» Exercise
Restate, word for word and with no pictures, the stretch of lines in the data below that begins at the line with "Woman with blonde" and ends at the line with "Das circa ein", inclusive.

» Records provided

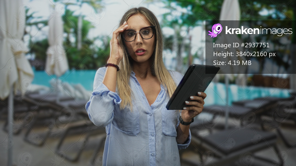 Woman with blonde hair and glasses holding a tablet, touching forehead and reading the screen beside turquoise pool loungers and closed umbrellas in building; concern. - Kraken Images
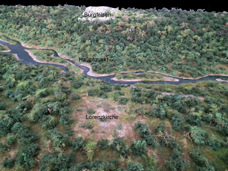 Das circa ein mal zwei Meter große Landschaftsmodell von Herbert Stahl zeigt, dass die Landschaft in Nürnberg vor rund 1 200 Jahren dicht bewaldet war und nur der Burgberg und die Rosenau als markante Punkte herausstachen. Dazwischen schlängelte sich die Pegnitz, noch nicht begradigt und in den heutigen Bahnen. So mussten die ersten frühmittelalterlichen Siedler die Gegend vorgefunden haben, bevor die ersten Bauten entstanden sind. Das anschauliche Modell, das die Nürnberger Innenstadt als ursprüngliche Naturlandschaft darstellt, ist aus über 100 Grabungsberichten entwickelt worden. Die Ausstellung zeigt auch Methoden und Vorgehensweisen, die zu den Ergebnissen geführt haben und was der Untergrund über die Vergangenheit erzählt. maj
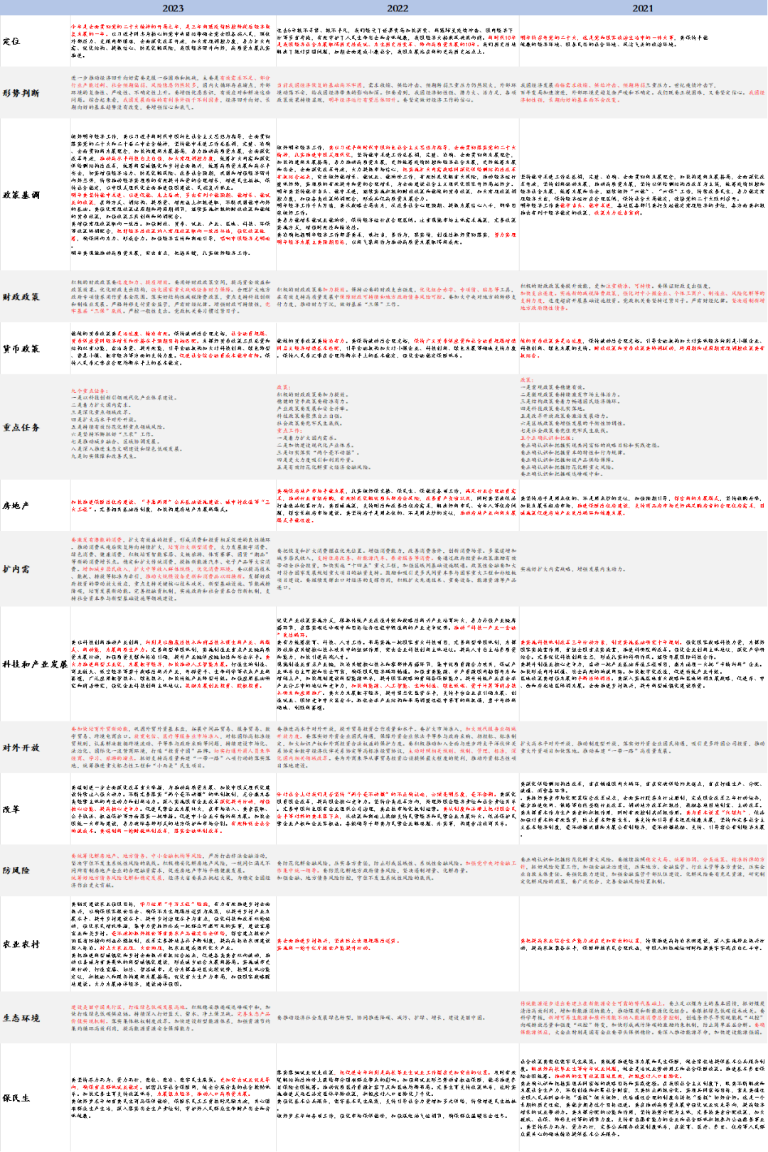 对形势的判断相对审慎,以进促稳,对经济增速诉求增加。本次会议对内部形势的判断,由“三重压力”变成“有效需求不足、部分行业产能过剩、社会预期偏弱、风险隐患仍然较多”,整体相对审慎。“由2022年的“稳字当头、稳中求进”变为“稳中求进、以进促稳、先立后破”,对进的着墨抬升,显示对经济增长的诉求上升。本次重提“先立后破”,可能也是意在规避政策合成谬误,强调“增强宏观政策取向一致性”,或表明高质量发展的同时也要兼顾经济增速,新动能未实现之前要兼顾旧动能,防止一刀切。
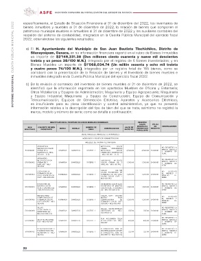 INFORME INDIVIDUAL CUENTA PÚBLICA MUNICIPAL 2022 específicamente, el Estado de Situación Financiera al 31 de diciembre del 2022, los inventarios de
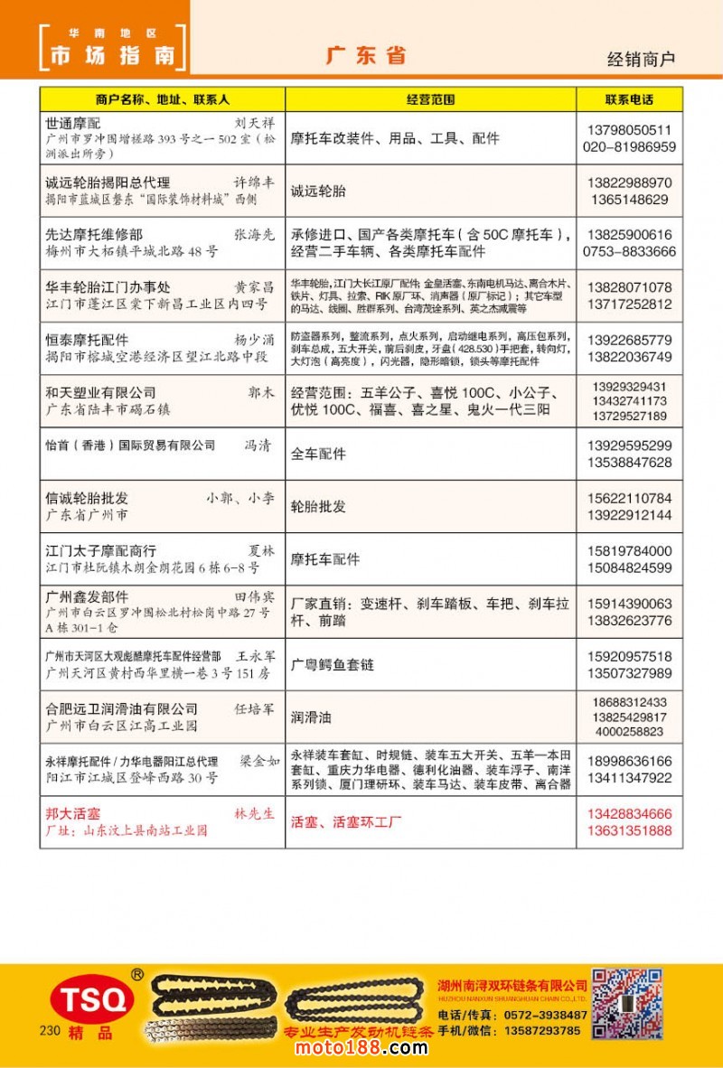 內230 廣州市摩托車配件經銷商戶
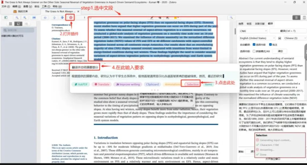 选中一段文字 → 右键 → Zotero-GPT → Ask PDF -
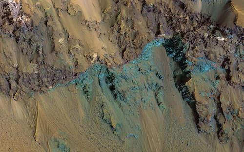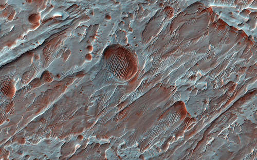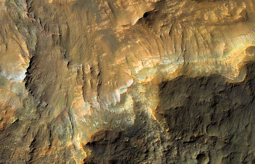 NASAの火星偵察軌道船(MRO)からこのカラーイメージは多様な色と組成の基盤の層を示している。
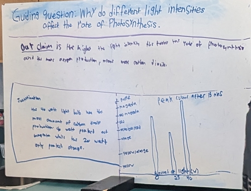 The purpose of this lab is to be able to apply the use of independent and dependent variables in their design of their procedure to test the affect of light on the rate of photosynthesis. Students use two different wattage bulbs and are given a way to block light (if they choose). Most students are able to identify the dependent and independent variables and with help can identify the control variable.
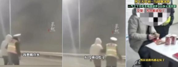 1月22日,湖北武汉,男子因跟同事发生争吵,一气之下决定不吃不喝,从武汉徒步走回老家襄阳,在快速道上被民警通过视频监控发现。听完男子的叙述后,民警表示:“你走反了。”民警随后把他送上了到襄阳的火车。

...

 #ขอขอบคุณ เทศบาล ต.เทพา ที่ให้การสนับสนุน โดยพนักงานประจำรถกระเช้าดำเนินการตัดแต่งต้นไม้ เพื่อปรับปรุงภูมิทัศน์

» Solution to this task
 Woman with blonde hair and glasses holding a tablet, touching forehead and reading the screen beside turquoise pool loungers and closed umbrellas in building; concern. - Kraken Images
 Das circa ein mal zwei Meter große Landschaftsmodell von Herbert Stahl zeigt, dass die Landschaft in Nürnberg vor rund 1 200 Jahren dicht bewaldet war und nur der Burgberg und die Rosenau als markante Punkte herausstachen. Dazwischen schlängelte sich die Pegnitz, noch nicht begradigt und in den heutigen Bahnen. So mussten die ersten frühmittelalterlichen Siedler die Gegend vorgefunden haben, bevor die ersten Bauten entstanden sind. Das anschauliche Modell, das die Nürnberger Innenstadt als ursprüngliche Naturlandschaft darstellt, ist aus über 100 Grabungsberichten entwickelt worden. Die Ausstellung zeigt auch Methoden und Vorgehensweisen, die zu den Ergebnissen geführt haben und was der Untergrund über die Vergangenheit erzählt. maj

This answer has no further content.